L’argomento principale dei ricorrenti, basato sulla successiva estromissione dell’impresa dal giudizio, viene smontato dalla Cassazione. Il fatto che la parte che ha ‘innescato’ il litisconsorzio sia stata poi esclusa dal processo è irrilevante. La ‘fotografia’ della competenza viene scattata al momento della proposizione della domanda riconvenzionale di regresso. Da quel momento, il vincolo di inscindibilità si è consolidato, radicando la competenza del giudice ordinario per l’intera controversia. Non è possibile, quindi, ‘tornare indietro’ e separare le cause, destinandone una all’arbitrato, solo perché uno dei protagonisti è uscito di scena.
Conclusioni
Questa ordinanza offre un importante monito per tutti gli operatori del diritto e le parti contrattuali. L’inserimento di una clausola arbitrale in un contratto è uno strumento prezioso, ma la sua efficacia non è assoluta. In contesti complessi come gli appalti, dove la responsabilità è spesso condivisa tra più soggetti (progettista, direttore lavori, appaltatore), le dinamiche processuali possono prevalere sull’accordo arbitrale. La proposizione di una domanda di regresso da parte di un convenuto contro un altro può creare un legame giuridico talmente forte da attrarre l’intera disputa davanti al giudice ordinario, vanificando la volontà delle parti originarie di ricorrere all’arbitrato. La competenza, una volta stabilita, rimane ferma, indipendentemente dagli sviluppi successivi del processo, come l’estromissione di una parte.
Una clausola arbitrale in un contratto è sempre vincolante per le parti?
No. Come dimostra questo caso, la sua efficacia può essere superata se nel processo si verifica una situazione di connessione inscindibile tra cause (litisconsorzio necessario), ad esempio a seguito di una domanda di regresso proposta da un co-convenuto. In tal caso, l’esigenza di un giudizio unitario prevale sull’accordo arbitrale.

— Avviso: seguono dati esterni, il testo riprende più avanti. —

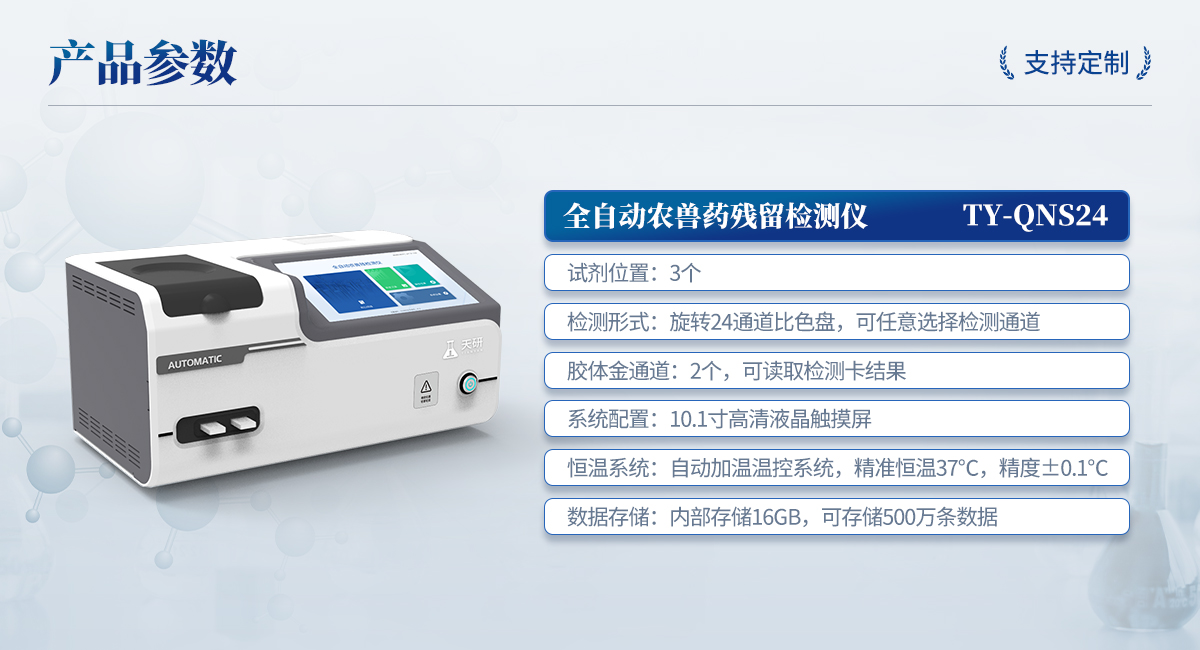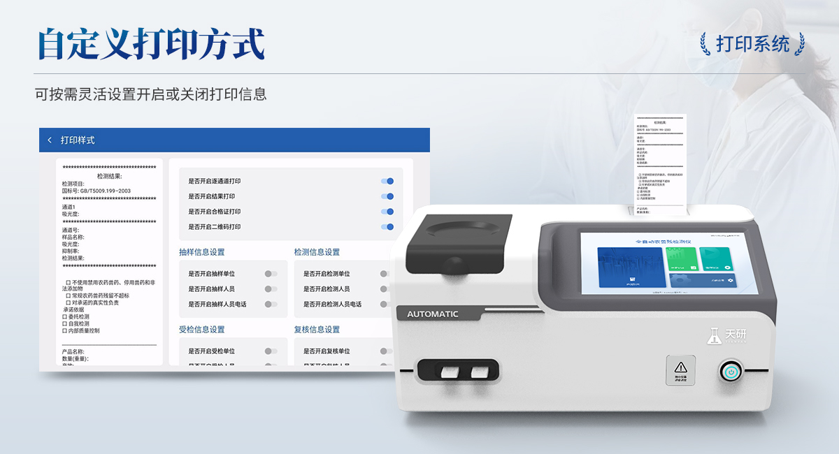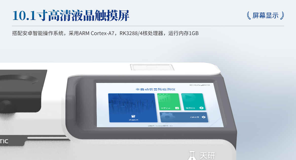 | 1. 試劑位置:3個(gè) | 2. 農(nóng)殘檢測(cè)盤:旋轉(zhuǎn)24通道比色盤,可任意選擇檢測(cè)通道,自動(dòng)對(duì)應(yīng)選擇通道。 | 3. 膠體金通道:2個(gè),可讀取檢測(cè)卡結(jié)果,自動(dòng)采集、處理分析,自動(dòng)判斷檢測(cè)結(jié)果,并具備自動(dòng)判空功能。 | 4.系統(tǒng)配置:10.1寸高清液晶觸摸屏,采用ARM Cortex?-A7,RK3288/4核處理器,運(yùn)行內(nèi)存1GB。Android7.1.1 系統(tǒng)分辨率1280×800。 | 5.恒溫系統(tǒng):具有自動(dòng)加溫溫控系統(tǒng),精準(zhǔn)恒溫37℃,精度±0.1℃。 | 6.添加系統(tǒng):儀器按照試劑要求自動(dòng)、按時(shí)、按量加入試劑,并且自動(dòng)對(duì)未正常放置的樣本或異常的樣本進(jìn)行檢查并提示。 | 7.清洗功能:儀器具備回流及自動(dòng)清洗管路功能,避免試劑污染。 | 8.混勻功能:設(shè)備具備自動(dòng)混勻功能。 | 9.光源校準(zhǔn):設(shè)備可自動(dòng)校準(zhǔn),確保檢測(cè)準(zhǔn)確度。 | 10.實(shí)時(shí)監(jiān)控:儀器測(cè)試過(guò)程中屏幕顯示運(yùn)行狀態(tài),可實(shí)時(shí)查看。 | 11.數(shù)據(jù)存儲(chǔ):內(nèi)部存儲(chǔ)16GB,可存儲(chǔ)500萬(wàn)條數(shù)據(jù)。 | 12.樣品多選功能:設(shè)備具備樣品一鍵多選功能,選擇樣品自動(dòng)匹配檢測(cè)通道。 | 13.項(xiàng)目預(yù)設(shè):可提前設(shè)置單個(gè)及多個(gè)相同或不相同的檢測(cè)任務(wù),可單次或者多次調(diào)取,減少檢測(cè)時(shí)間。 | 14.自定義打印系統(tǒng):內(nèi)置自定義打印系統(tǒng),可按需靈活設(shè)置開(kāi)啟或關(guān)閉:產(chǎn)品合格證(國(guó)家農(nóng)業(yè)部標(biāo)準(zhǔn)),二維碼,抽樣信息、檢測(cè)信息,受檢信息等信息的打印。 | 15.A4版本報(bào)告打印功能:設(shè)備可自動(dòng)生成A4版報(bào)告,A4報(bào)告帶二維碼,可掃描二維碼生成電子版,并可識(shí)別真?zhèn)巍?/td> | 16.傳輸方式:儀器配備無(wú)線通信模塊: 4G(APN)通訊模塊、Wifi模塊,藍(lán)牙傳輸模塊,同時(shí)具有USB接口以及RJ45接口能以多種方式實(shí)現(xiàn)數(shù)據(jù)保存和數(shù)據(jù)傳輸功能,設(shè)備數(shù)據(jù)可以同步上傳至平臺(tái)。 | 17.系統(tǒng)17.數(shù)據(jù)監(jiān)管系統(tǒng):設(shè)備自帶監(jiān)管平臺(tái),并可同步對(duì)接監(jiān)管平臺(tái),數(shù)據(jù)可局域網(wǎng)和互聯(lián)網(wǎng)數(shù)據(jù)上傳,檢測(cè)結(jié)果可直接傳至食品安全監(jiān)管平臺(tái)。達(dá)到食品安全問(wèn)題預(yù)估、預(yù)警。 | 18.系統(tǒng)遠(yuǎn)程更新功能:無(wú)需設(shè)備返廠,即可遠(yuǎn)程實(shí)時(shí)升級(jí)全新系統(tǒng),節(jié)省時(shí)間成本及避免運(yùn)輸造成設(shè)備損。 |
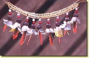 dort eine reiche Auswahl von Federschmuck und Ketten, Körben und
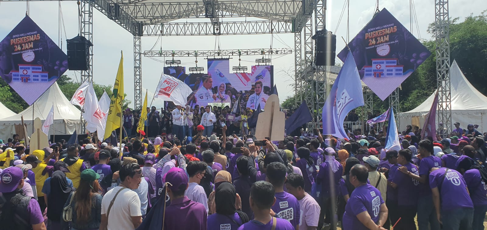 Dalam kampanye akbar ini, turut hadir para pengurus partai pengusung, seperti Partai Nasdem, Golkar, dan PSI, yang mendukung pasangan Sendi-Melli.
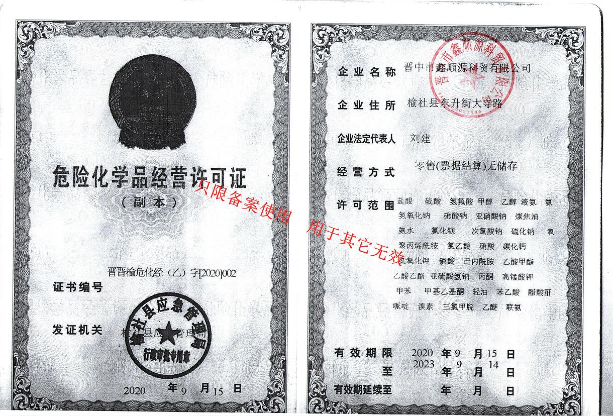 晋中市鑫顺源科贸有限公司成立于2012年9月4日,位于榆社县东大街大寺路,有安监局颁发的中华人民共和国危险化学品经营许可证和非药品类易制毒化学品经营备案证明,主要经营盐酸、次氯酸钠、液碱、片碱、纯碱、硫酸、聚合氯化铝、氯化钙、氯化钡、氯乙酸、氨水、水处理剂等危险化学品的销售及运输。

Cosa succede se la parte che ha causato il litisconsorzio viene poi esclusa dal processo?
Secondo la Corte, la successiva esclusione (estromissione) della parte è irrilevante ai fini della competenza. La competenza si determina in base alla situazione esistente al momento in cui è stata proposta la domanda che ha generato il litisconsorzio, e non viene modificata dagli eventi successivi del processo.
In che momento si decide la competenza del giudice in una causa con più parti e domande incrociate?
La competenza si determina con riferimento allo stato di fatto e di diritto esistente al momento della proposizione delle domande. Nel caso specifico, il momento cruciale è stato quello in cui l’impresa convenuta ha presentato la sua domanda riconvenzionale di regresso, creando un vincolo di connessione tra tutte le posizioni.